[Opening Provided data section]

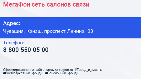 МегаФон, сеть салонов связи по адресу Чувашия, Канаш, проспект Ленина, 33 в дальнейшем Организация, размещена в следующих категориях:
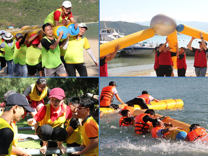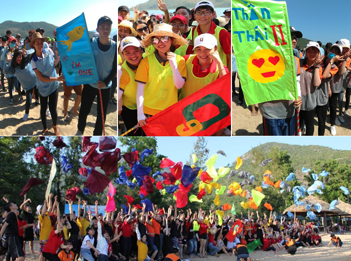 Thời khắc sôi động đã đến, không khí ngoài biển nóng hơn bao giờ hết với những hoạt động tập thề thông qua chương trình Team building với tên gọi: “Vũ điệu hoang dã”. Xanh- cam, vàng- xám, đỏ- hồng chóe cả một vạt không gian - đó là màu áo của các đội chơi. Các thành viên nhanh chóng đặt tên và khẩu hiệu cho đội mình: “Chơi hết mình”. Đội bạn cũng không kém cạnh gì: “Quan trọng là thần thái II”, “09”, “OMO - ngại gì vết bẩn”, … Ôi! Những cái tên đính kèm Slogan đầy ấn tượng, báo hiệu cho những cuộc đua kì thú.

[Closing Provided data section]
[Opening Provided data section]

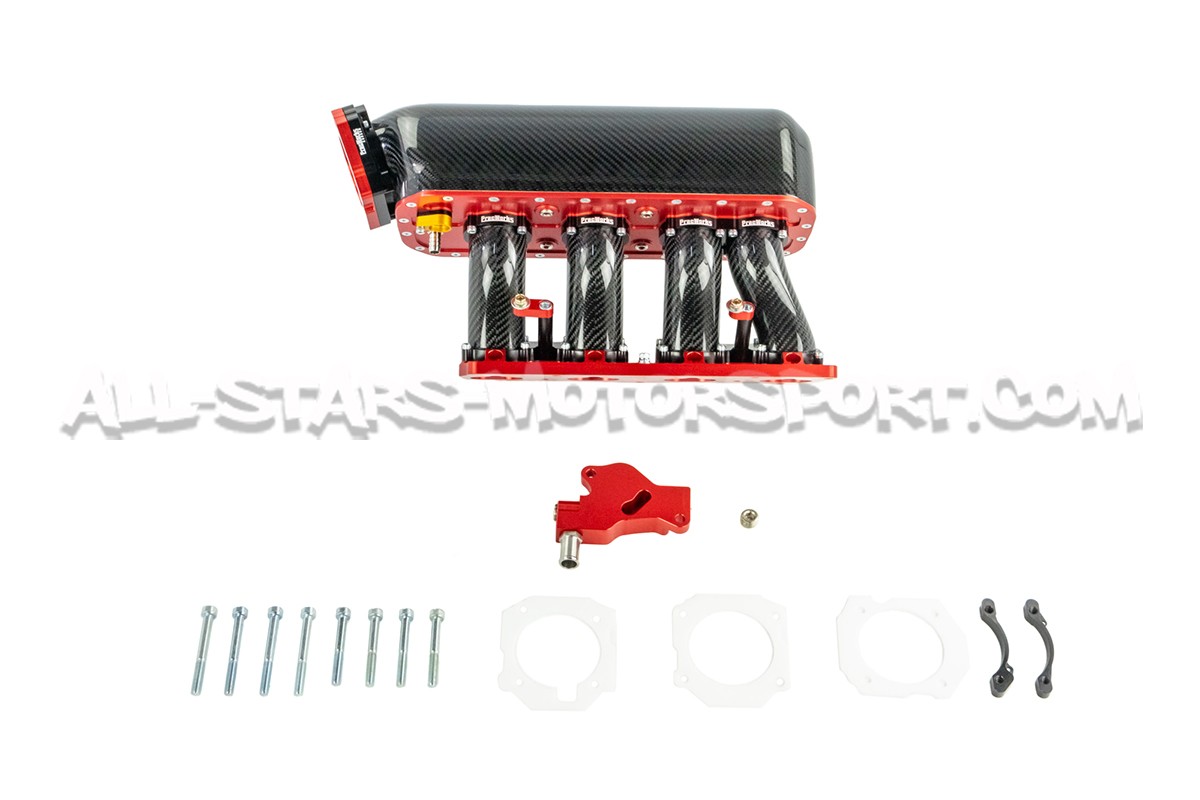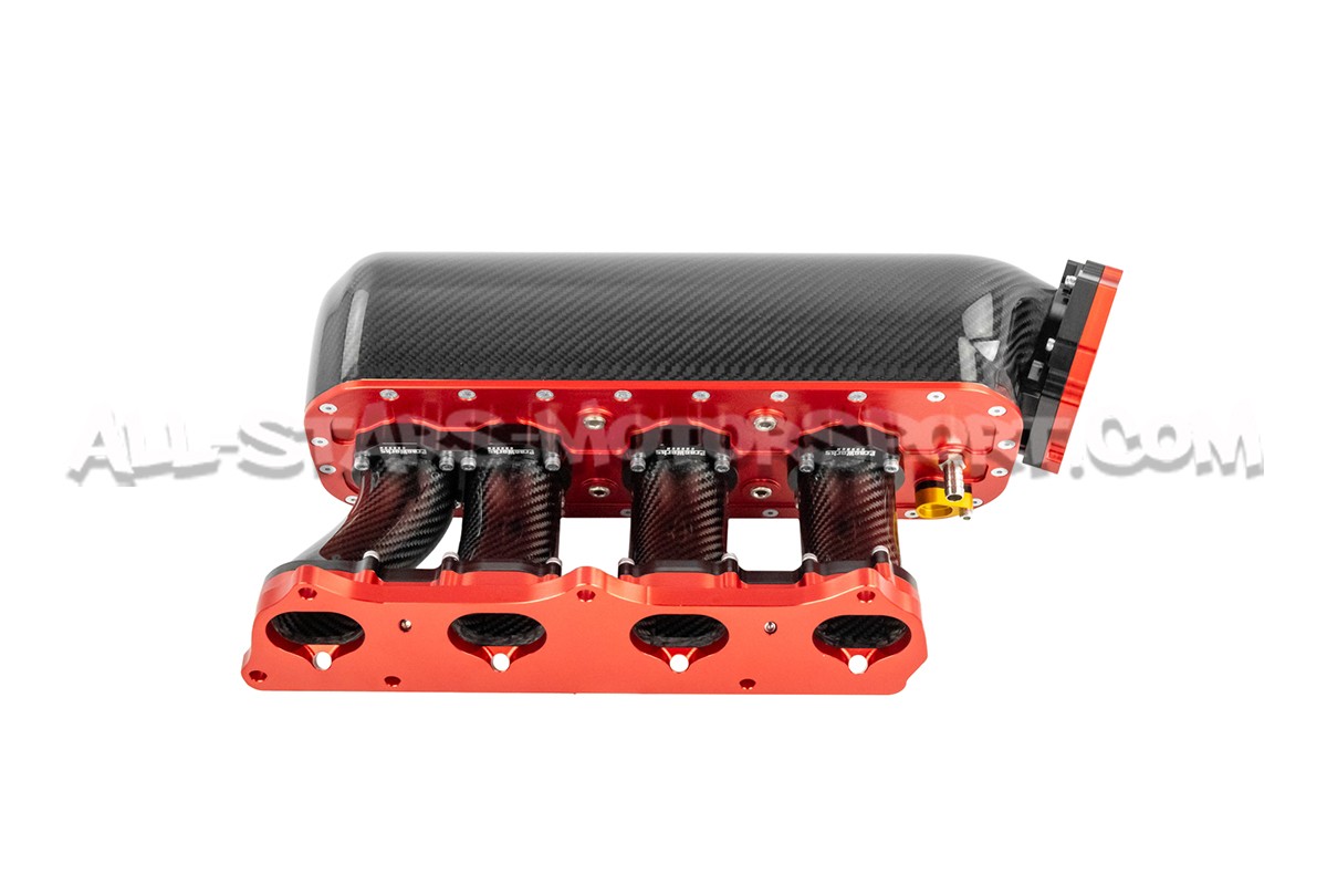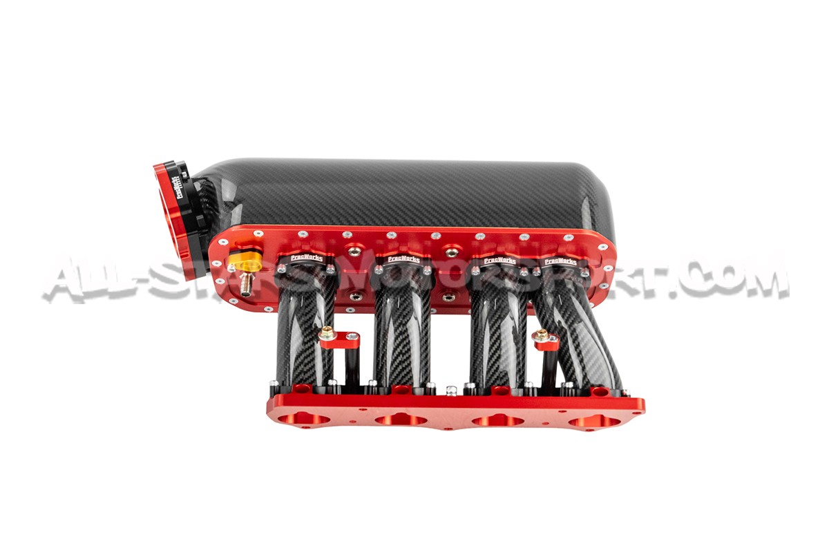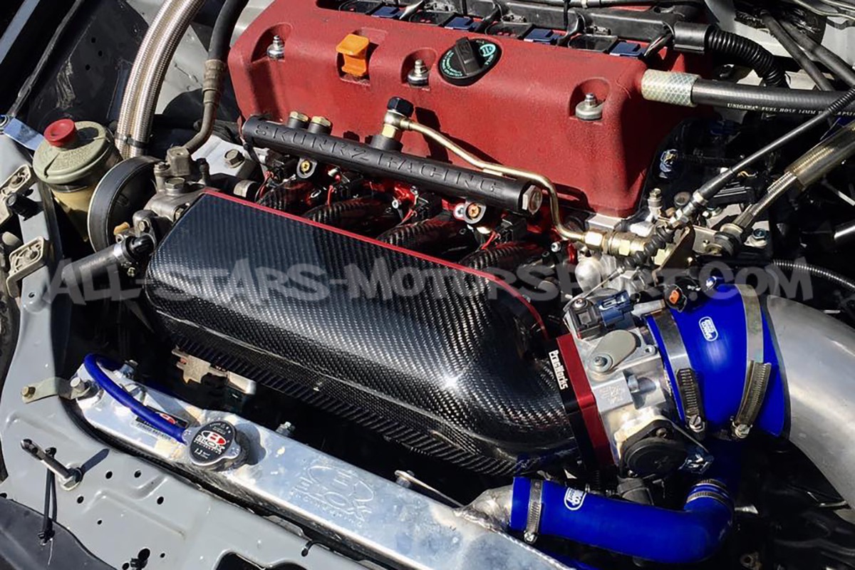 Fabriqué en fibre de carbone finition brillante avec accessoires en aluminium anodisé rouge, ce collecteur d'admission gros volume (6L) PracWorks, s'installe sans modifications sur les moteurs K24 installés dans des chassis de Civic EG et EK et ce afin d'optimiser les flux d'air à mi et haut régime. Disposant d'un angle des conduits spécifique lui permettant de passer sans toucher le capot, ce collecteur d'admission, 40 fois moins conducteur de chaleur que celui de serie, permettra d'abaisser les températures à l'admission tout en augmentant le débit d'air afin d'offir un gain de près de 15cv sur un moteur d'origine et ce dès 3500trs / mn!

[Closing Provided data section]

→ **What is needed**
Precisely those lines above that run from the line with "МегаФон, сеть салонов" up to and including the line with "Thời khắc sôi" are to be set down, with the pictures omitted.

→ **Your response**
 МегаФон, сеть салонов связи по адресу Чувашия, Канаш, проспект Ленина, 33 в дальнейшем Организация, размещена в следующих категориях:
 Thời khắc sôi động đã đến, không khí ngoài biển nóng hơn bao giờ hết với những hoạt động tập thề thông qua chương trình Team building với tên gọi: “Vũ điệu hoang dã”. Xanh- cam, vàng- xám, đỏ- hồng chóe cả một vạt không gian - đó là màu áo của các đội chơi. Các thành viên nhanh chóng đặt tên và khẩu hiệu cho đội mình: “Chơi hết mình”. Đội bạn cũng không kém cạnh gì: “Quan trọng là thần thái II”, “09”, “OMO - ngại gì vết bẩn”, … Ôi! Những cái tên đính kèm Slogan đầy ấn tượng, báo hiệu cho những cuộc đua kì thú.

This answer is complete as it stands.